━━━━━ Information shown ━━━━━

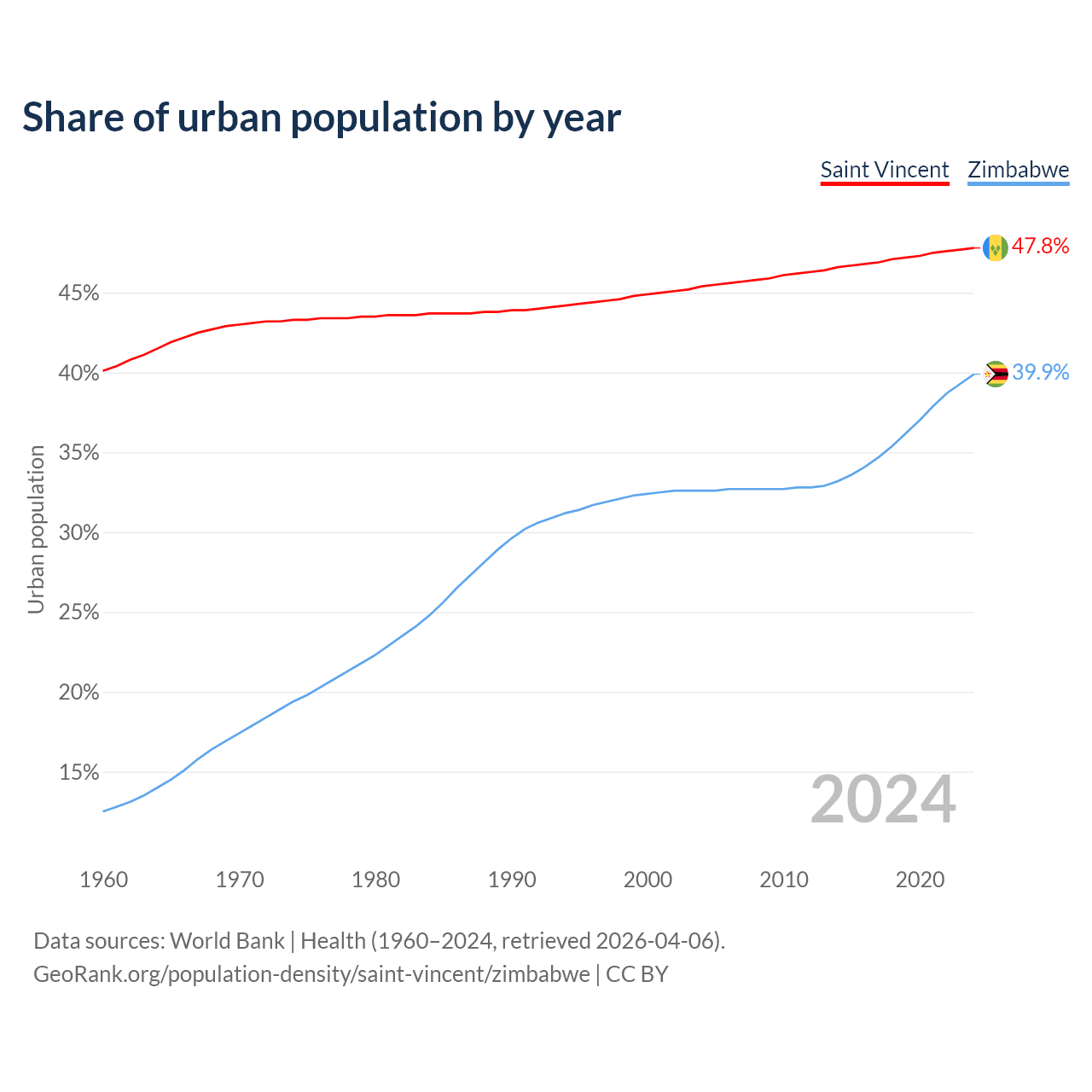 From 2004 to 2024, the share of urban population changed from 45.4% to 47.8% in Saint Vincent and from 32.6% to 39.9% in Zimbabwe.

━━━━━
━━━━━ Information shown ━━━━━

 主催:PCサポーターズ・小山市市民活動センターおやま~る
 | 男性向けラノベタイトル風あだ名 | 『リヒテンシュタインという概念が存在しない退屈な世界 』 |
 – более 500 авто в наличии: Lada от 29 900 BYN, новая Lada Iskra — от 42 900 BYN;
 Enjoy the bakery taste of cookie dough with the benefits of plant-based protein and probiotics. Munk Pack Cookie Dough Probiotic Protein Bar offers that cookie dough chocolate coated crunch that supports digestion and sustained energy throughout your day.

━━━━━
━━━━━ Information shown ━━━━━

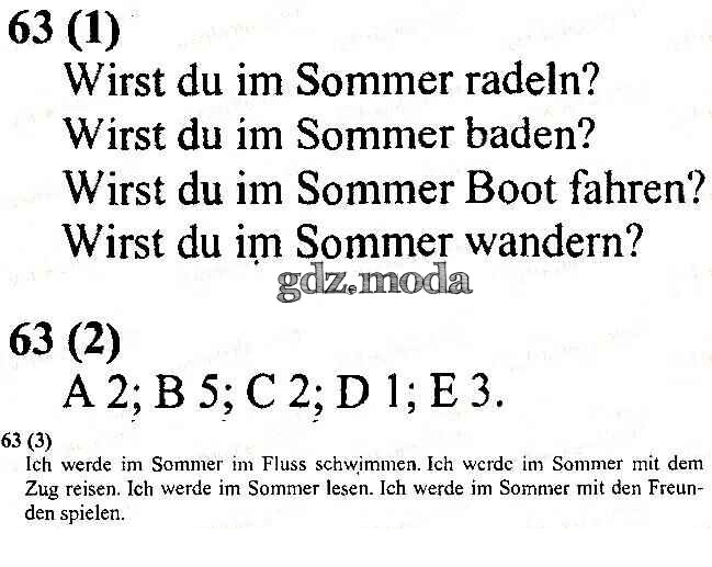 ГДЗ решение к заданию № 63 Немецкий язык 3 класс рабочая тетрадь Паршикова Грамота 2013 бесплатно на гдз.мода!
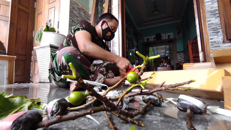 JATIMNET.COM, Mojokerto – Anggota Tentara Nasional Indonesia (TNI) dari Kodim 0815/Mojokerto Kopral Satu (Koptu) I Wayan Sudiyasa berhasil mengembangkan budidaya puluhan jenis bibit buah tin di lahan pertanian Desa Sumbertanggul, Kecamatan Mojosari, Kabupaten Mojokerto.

━━━━━

Work required: Go through the listing above and write out exactly the lines starting with the one holding "主催:PCサポーターズ・小山市市民活動センターおやま~る" and running through the one holding "Enjoy the bakery", ends included, and no others.

Response to the task:
 主催:PCサポーターズ・小山市市民活動センターおやま~る
 | 男性向けラノベタイトル風あだ名 | 『リヒテンシュタインという概念が存在しない退屈な世界 』 |
 – более 500 авто в наличии: Lada от 29 900 BYN, новая Lada Iskra — от 42 900 BYN;
 Enjoy the bakery taste of cookie dough with the benefits of plant-based protein and probiotics. Munk Pack Cookie Dough Probiotic Protein Bar offers that cookie dough chocolate coated crunch that supports digestion and sustained energy throughout your day.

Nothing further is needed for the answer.